Try it:
Exactly those lines that run from the one containing "Pink French Crepe" through the last line of the entries below should be printed, and no others.

Given records:
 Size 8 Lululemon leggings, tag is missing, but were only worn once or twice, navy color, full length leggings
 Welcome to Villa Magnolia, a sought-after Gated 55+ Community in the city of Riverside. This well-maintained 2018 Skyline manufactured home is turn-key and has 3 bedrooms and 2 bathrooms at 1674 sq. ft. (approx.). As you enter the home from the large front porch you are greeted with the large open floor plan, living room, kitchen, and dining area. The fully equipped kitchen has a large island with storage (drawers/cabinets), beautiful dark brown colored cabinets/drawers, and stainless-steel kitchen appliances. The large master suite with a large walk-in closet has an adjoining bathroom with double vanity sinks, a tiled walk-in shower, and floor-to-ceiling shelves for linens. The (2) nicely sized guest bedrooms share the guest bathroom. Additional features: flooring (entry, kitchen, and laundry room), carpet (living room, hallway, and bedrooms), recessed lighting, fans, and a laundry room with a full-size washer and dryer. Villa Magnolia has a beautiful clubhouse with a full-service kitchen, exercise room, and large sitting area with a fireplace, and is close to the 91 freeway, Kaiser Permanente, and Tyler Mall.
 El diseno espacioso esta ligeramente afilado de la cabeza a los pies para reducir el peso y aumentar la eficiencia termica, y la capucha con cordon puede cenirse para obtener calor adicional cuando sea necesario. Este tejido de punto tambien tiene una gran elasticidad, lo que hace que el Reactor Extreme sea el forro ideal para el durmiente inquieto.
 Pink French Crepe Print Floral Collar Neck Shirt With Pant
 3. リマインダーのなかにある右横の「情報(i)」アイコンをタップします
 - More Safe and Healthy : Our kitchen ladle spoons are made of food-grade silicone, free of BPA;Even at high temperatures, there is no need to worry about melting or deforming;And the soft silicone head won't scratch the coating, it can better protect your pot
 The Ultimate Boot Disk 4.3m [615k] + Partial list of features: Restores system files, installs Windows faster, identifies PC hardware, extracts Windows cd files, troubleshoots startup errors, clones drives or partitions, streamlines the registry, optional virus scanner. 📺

Task solution:
 Pink French Crepe Print Floral Collar Neck Shirt With Pant
 3. リマインダーのなかにある右横の「情報(i)」アイコンをタップします
 - More Safe and Healthy : Our kitchen ladle spoons are made of food-grade silicone, free of BPA;Even at high temperatures, there is no need to worry about melting or deforming;And the soft silicone head won't scratch the coating, it can better protect your pot
 The Ultimate Boot Disk 4.3m [615k] + Partial list of features: Restores system files, installs Windows faster, identifies PC hardware, extracts Windows cd files, troubleshoots startup errors, clones drives or partitions, streamlines the registry, optional virus scanner. 📺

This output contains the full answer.